# Classify BBC Articles
Date: Aug2023

source: https://www.kaggle.com/competitions/learn-ai-bbc/data?select=BBC+News+Train.csv

In [77]:
import polars as pl
import altair as alt
import numpy as np
from sklearn.decomposition import NMF

from sklearn.feature_extraction.text import TfidfVectorizer as tfidv
from nltk.corpus import stopwords
from nltk.tokenize import word_tokenize
from sklearn.metrics import confusion_matrix
from sklearn.model_selection import train_test_split
from time import time

In [78]:
# Read the data
train_url = "https://raw.githubusercontent.com/nsxydis/bbc-project/main/BBC%20News%20Train.csv"
train = pl.read_csv(train_url)
test_url = "https://raw.githubusercontent.com/nsxydis/bbc-project/main/BBC%20News%20Test.csv"
test = pl.read_csv(test_url)

# Explore the data
In the below sections we'll examine the test and train datasets using the pandas info tool. 

In [79]:
# Look at the data
print("Train Data:")
train.to_pandas().info()
print(train)

print("\n\nTest Data:")
test.to_pandas().info()

Train Data:
<class 'pandas.core.frame.DataFrame'>
RangeIndex: 1490 entries, 0 to 1489
Data columns (total 3 columns):
 #   Column     Non-Null Count  Dtype 
---  ------     --------------  ----- 
 0   ArticleId  1490 non-null   int64 
 1   Text       1490 non-null   object
 2   Category   1490 non-null   object
dtypes: int64(1), object(2)
memory usage: 35.1+ KB
shape: (1_490, 3)
┌───────────┬───────────────────────────────────┬───────────────┐
│ ArticleId ┆ Text                              ┆ Category      │
│ ---       ┆ ---                               ┆ ---           │
│ i64       ┆ str                               ┆ str           │
╞═══════════╪═══════════════════════════════════╪═══════════════╡
│ 1833      ┆ worldcom ex-boss launches defenc… ┆ business      │
│ 154       ┆ german business confidence slide… ┆ business      │
│ 1101      ┆ bbc poll indicates economic gloo… ┆ business      │
│ 1976      ┆ lifestyle  governs mobile choice… ┆ tech          │
│ 917       ┆ enron boss

# Data Cleaning Part 1
There are repeated entries in the Kaggle data -- the website notes there are 1440 unique records in the training data, but there are 1490 rows. That means we'll need to remove the duplicates.

In [80]:
# Note: Kaggle says there's 1440 unique records in the train dataframe, but there's 1490 rows

# Check for and remove duplicate records 
def duplicates(df, fields):
    originalLen = len(df)
    filtered = df.unique(subset = fields, keep = 'first')
    print(f"{originalLen - len(filtered)} duplicates found in the training data")
    return filtered

train = duplicates(train, ['Text', 'Category'])

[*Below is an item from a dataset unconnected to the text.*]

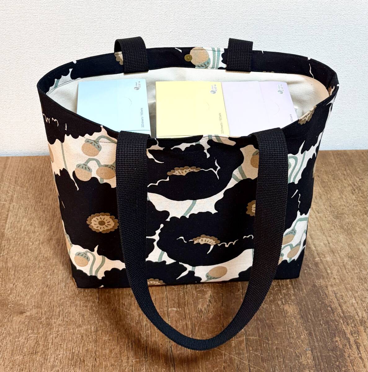 年中使える素敵なバッグができました マチが広いので たくさん収納できます 内布は生成り10号帆布を使いしっかりしたバッグにしました 内側に大きい2室のポケットをつけました 持ち手は幅3cmの厚手のかばんテープを使っていますのでしっかりしています 持ち手は53cmくらいで肩掛けできます 開閉はマグネットボタンです サイズは平置き最大で41cm、高さ27cm、底30cm×12cmです A4サイズが横に入ります ちょっとしたお出かけに 芯を貼っていないので小さくたためます サブバッグにいかがでしょうか 発送方法クリックポスト 185円 間違いのないようにまとめての発送は まとめ取引されてるお品物に限らせていただきます 単品でのお取り引きは単品での発送にさせていただきますのでご了承ください 土・日・祝日の発送はできないこともありますのでご了承ください コメントひとつひとつ心をこめて作りましたが、素人のハンドメイドです 折りたたんでの発送になりますので折り目ができます ご了承ください ご理解の上、ノークレーム・ノーリターンでお願いします ほかにも出品してますのでよろしければご覧ください 自己紹介も必ずお読みください |

50 duplicates found in the training data


# Data Cleaning Part 2
Common words and punctuation should be removed from the data to prevent their high frequencies from impacting the results.

In [81]:
def removeCommon(text):
    '''Removes common words & punctuation from text and returns the data'''
    # NOTE: Hyphens are allowed for hyphenated words
    common = set(stopwords.words('english'))
    tokens = word_tokenize(text)
    filtered = ""
    for word in tokens:
        if word not in common and (word.replace('-', "").isalnum()):
            filtered += f" {word}"
    return filtered

train = train.with_columns(pl.col('Text').apply(lambda x: removeCommon(x)))
test = test.with_columns(pl.col('Text').apply(lambda x: removeCommon(x)))


In [82]:
# Explore the data via charts

# Selection
selection = alt.selection_point(encodings = ['x'])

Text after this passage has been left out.